É um bom momento para tomar um sorvete e assistir a “Uma Verdade Inconveniente”, documentário sobre Al Gore e sua campanha de alerta para as mudanças climáticas. O ex-futuro presidente dos Estados Unidos revela dados significativos: os Estados Unidos são responsáveis por 33% da emissão de gases poluentes na atmosfera. Se os EUA decidissem reduzir a emissão de poluentes, o planeta teria melhores chances. Simples assim.

O desastre começou. Na África, as neves do Kilimanjaro derretem. No meio de “Uma Verdade Inconveniente”, uma animação mostra o sorvete de Lisa Simpson derreter na casquinha antes que ela consiga experimentá-lo. É uma forma engraçadinha de mostrar uma situação crítica.

O documentário sobre Al Gore devia ser obrigatório na aula de geografia. Em vez de gráficos impessoais sobre os efeitos dos gases estufa, é mais convincente ver paredões de 200 metros de altura de gelo derreterem no Ártico. Observar a sinistra espiral dos furacões sobre águas excepcionalmente aquecidas, saber que pela primeira vez registrou-se um furacão no Hemisfério Sul - o Catarina, no litoral do Brasil.

“As mudanças no clima rapidamente tornaram-se uma das maiores ameaças que a humanidade jamais enfrentou.” Foi nesse tom que o presidente da conferência da ONU, o ministro queniano do meio ambiente, Kivutha Kibwana, abriu a rodada de negociações. Harlan Watson, representante dos Estados Unidos no evento, disse que Bush não muda uma palha na atual política.

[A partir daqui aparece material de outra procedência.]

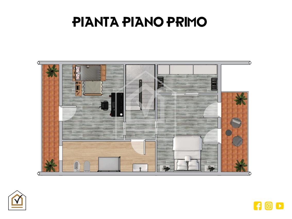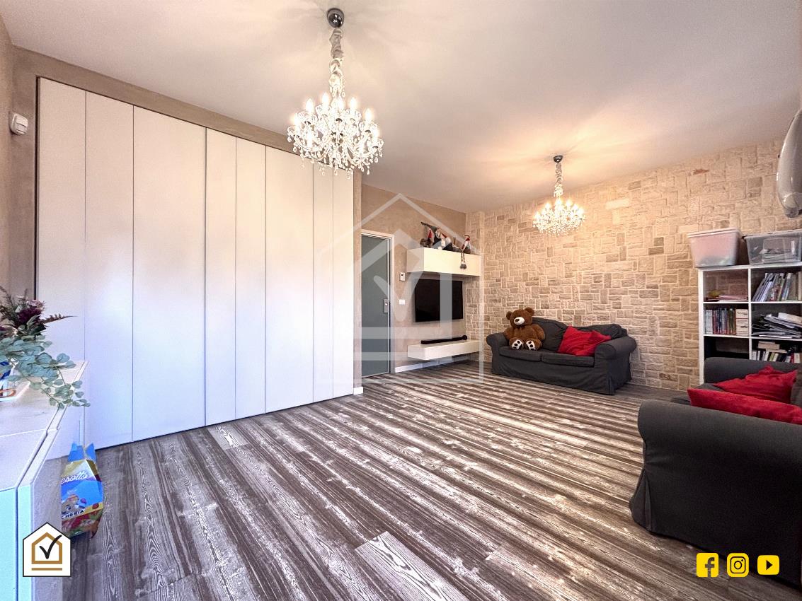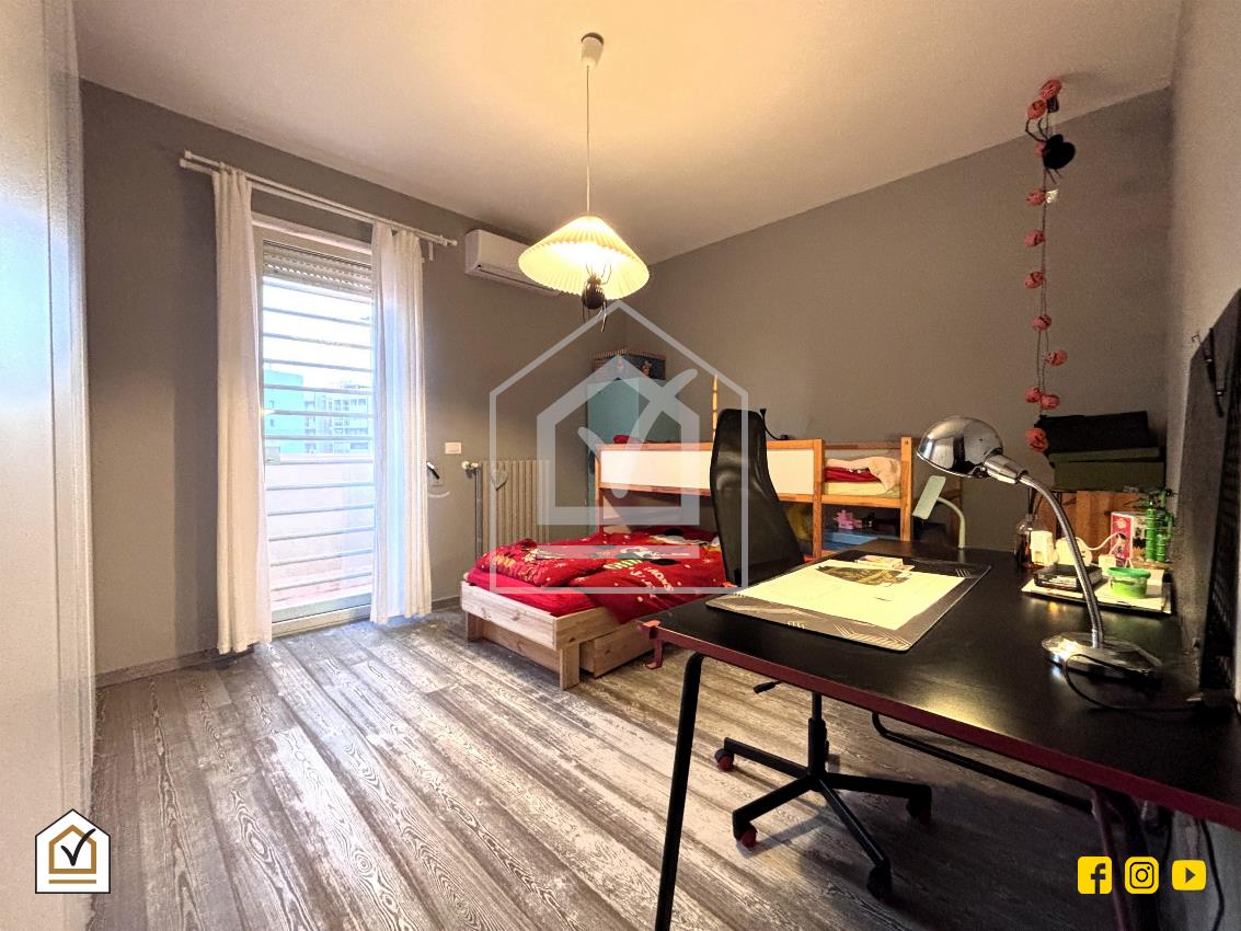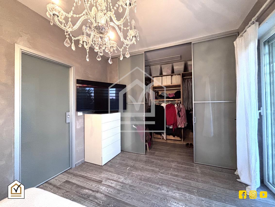 Attraverso una comoda scala interna si raggiunge la zona notte, caratterizzata da un’ottima luminosità grazie alla doppia esposizione e alla presenza di due balconi. La camera matrimoniale, ampia e raffinata, è arricchita da una spaziosa cabina armadio, ideale per garantire comfort e organizzazione. Il piano ospita inoltre una cameretta e un ampio bagno padronale, rivestito in pietra vulcanica e dotato di una moderna doccia walk-in, con pavimentazione in gres effetto legno che coniuga estetica e praticità.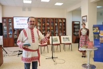 Георгий Грязев, главный редактор издательства, на удмуртском и русском языках поблагодарил сотрудников библиотеки за приглашение на единственный в стране фестиваль национальной книги и прочитал на удмуртском языке стихотворение нашего замечательного земляка Сергея Есенина «Белая береза».

Se Al Gore fosse o presidente dos EUA e tivesse assinado o protocolo de Kyoto

O filme deixa uma pergunta pertinente no ar. O que seria do planeta se Al Gore fosse o presidente, e não Bush? Acho que todo mundo se lembra que Bush foi eleito por pouco, muito pouco, em meio a uma polêmica sobre quem realmente venceu as eleições.

Se Gore fosse o presidente, os EUA teriam assinado o protocolo de Kyoto e essa fatia gorda de responsabilidade pelo estrago – os 33% - desapareceria. Simples assim?

Ouça nos blogs o que você não lê na imprensa

É refrescante a troca entre blogs e a grande imprensa. Renovadora, pelo menos.

Nessas eleições, a imprensa atrapalhou-se em um emaranhado de denúncias e perdeu esta semana, para os blogs, parte de sua confiabilidade. Afinal, o indivíduo sente-se um trouxa ao ouvir jornalistas combinando com um delegado da Polícia Federal a versão dos fatos que ele deve engolir.

A conversa na calçada entre o delegado Edmilson Bruno e alguns repórteres está no blog de Paulo Henrique Amorim e também no You Tube.

Como é bastante enrolado, o “causo” pode afastar o leitor menos interessado em política. No entanto, é um exemplo sobre como a dinâmica entre blogs e a grande imprensa tem o poder de renovar a difusão de informações.

Delegado e jornalistas combinaram uma história da Carochinha a respeito de imagens que mostram R$ 1,7 milhão usado por petistas na compra de um dossiê contra o PSDB. O fato de que o próprio delegado distribuiu as imagens seria omitido; circularia a versão Carochinha de que uma faxineira ou um repórter furtara as imagens da polícia. Divulgadas às vésperas da eleição, as fotos com pilhas de dinheiro impressionaram. Fizeram diferença no resultado do primeiro turno.

A revista Carta Capital trouxe à tona o acordo. Os blogs de Mino Carta e Luiz Carlos Azenha comentaram.

Luiz Weis parou para refletir sobre a diferença entre dissimulação e guardar sigilo sobre a fonte.

Roberto Romano Taddei pegou mais pesado, lembrou-se de Jason Blair, o repórter mentiroso do New York Times.

Josias de Sousa fez um registro seco, mas ao menos mencionou a história. É uma besteira os outros blogs da cobertura política guardarem silêncio. A gravação ardida está aí, à disposição na blogosfera.